#### [Exercise aim]
Report all lines from the entries below in which "Figure" appears.

#### [Data for analysis]
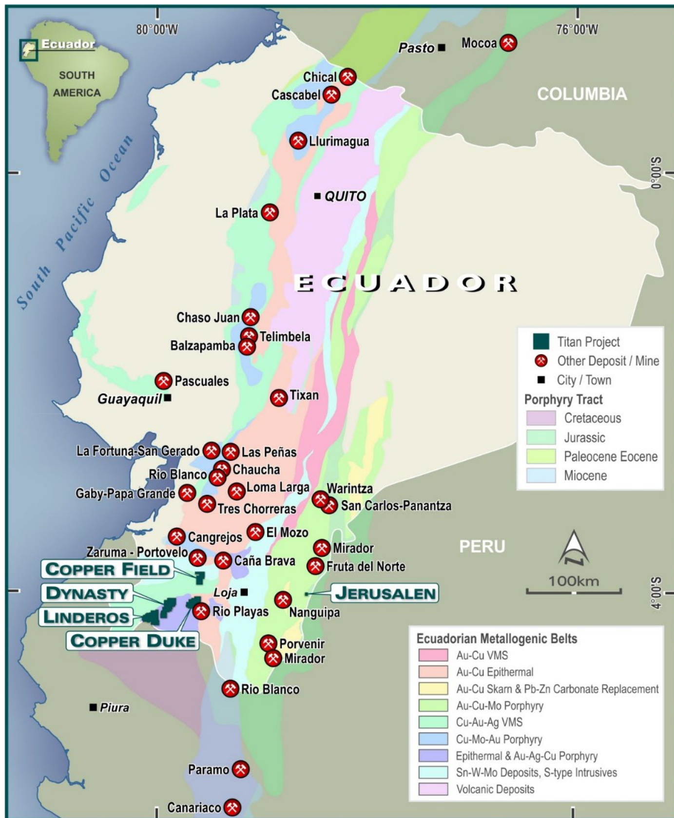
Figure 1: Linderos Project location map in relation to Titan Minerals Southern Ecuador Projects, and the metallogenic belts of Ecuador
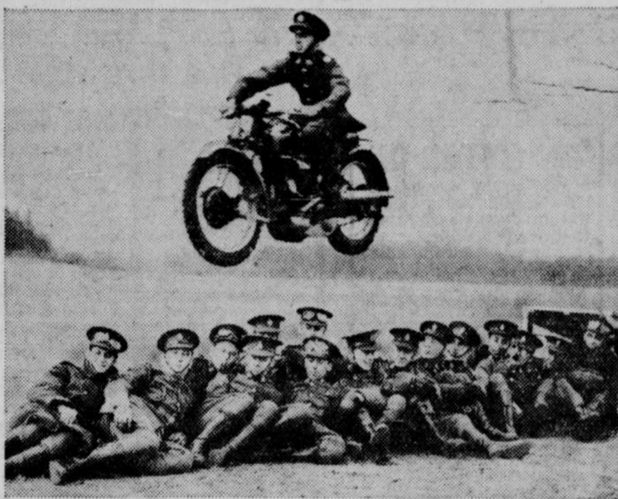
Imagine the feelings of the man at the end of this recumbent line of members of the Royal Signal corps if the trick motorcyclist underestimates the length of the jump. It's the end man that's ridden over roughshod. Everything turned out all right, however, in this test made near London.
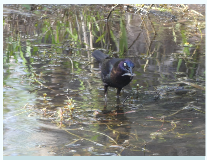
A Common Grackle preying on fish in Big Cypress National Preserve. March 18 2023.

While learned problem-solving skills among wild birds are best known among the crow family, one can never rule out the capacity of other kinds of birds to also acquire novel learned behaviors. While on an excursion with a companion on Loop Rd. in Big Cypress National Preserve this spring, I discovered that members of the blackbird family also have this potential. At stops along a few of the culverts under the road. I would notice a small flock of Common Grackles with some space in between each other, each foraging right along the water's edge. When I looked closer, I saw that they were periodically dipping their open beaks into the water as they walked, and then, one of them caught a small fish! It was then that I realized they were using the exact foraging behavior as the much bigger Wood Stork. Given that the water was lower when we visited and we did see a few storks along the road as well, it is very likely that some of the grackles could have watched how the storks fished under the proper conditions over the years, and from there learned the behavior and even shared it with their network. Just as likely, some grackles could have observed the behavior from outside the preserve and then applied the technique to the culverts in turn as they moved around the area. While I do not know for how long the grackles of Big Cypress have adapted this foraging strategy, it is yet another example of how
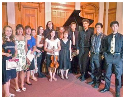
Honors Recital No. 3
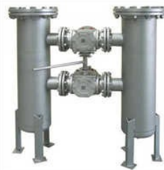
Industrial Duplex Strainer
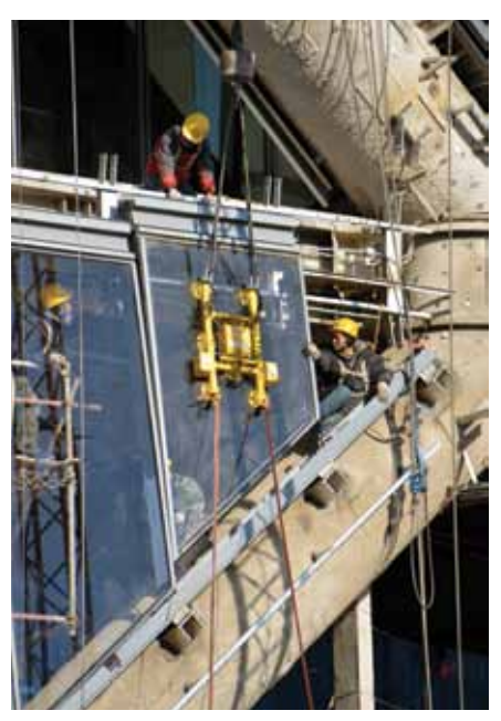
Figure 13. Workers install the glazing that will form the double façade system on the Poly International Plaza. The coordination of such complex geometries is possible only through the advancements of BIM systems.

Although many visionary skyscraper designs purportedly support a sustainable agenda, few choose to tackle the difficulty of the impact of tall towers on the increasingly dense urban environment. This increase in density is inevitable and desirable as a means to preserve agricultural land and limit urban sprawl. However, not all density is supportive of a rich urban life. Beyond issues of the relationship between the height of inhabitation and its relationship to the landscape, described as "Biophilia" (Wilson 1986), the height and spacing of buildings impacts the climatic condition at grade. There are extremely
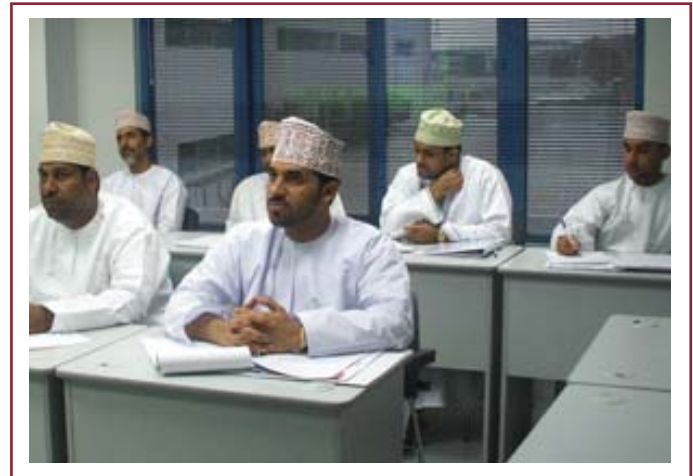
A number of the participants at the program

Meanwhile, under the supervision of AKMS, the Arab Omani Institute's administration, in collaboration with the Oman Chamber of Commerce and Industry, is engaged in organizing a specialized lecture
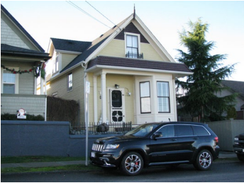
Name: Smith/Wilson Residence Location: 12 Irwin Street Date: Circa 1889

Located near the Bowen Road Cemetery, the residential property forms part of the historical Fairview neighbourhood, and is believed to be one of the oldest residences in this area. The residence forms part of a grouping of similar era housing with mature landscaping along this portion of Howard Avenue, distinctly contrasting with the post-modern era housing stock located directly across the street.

==

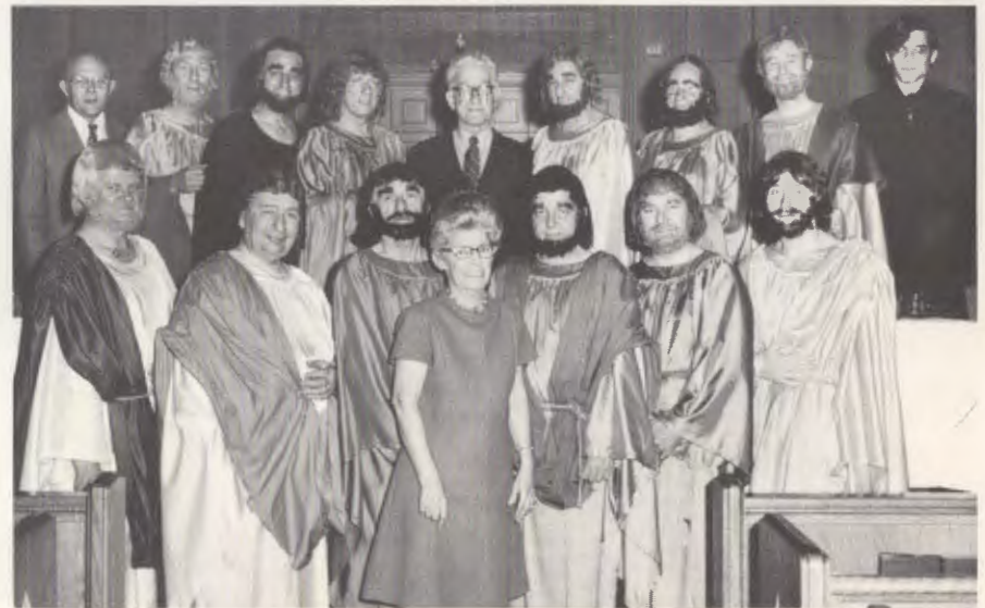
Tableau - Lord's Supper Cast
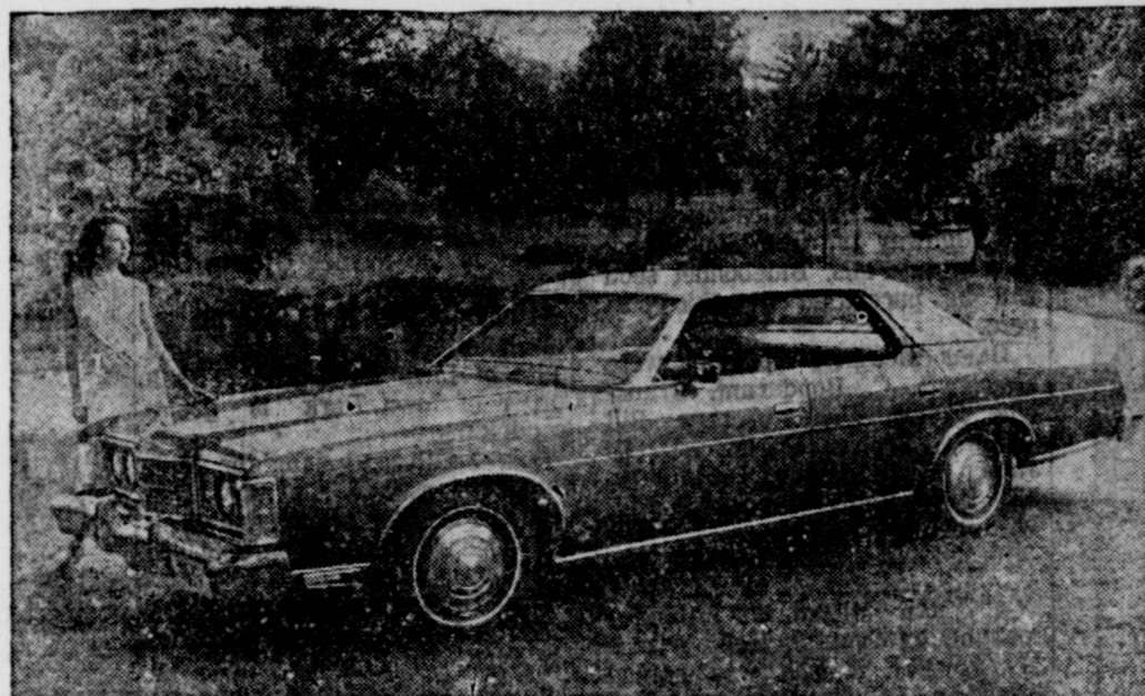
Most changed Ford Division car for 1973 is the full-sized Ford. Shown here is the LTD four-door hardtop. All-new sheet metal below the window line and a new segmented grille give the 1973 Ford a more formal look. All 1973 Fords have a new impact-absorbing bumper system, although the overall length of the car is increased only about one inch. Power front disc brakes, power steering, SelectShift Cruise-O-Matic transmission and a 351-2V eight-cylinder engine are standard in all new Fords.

#### [Response area]
Figure 1: Linderos Project location map in relation to Titan Minerals Southern Ecuador Projects, and the metallogenic belts of Ecuador
Figure 13. Workers install the glazing that will form the double façade system on the Poly International Plaza. The coordination of such complex geometries is possible only through the advancements of BIM systems.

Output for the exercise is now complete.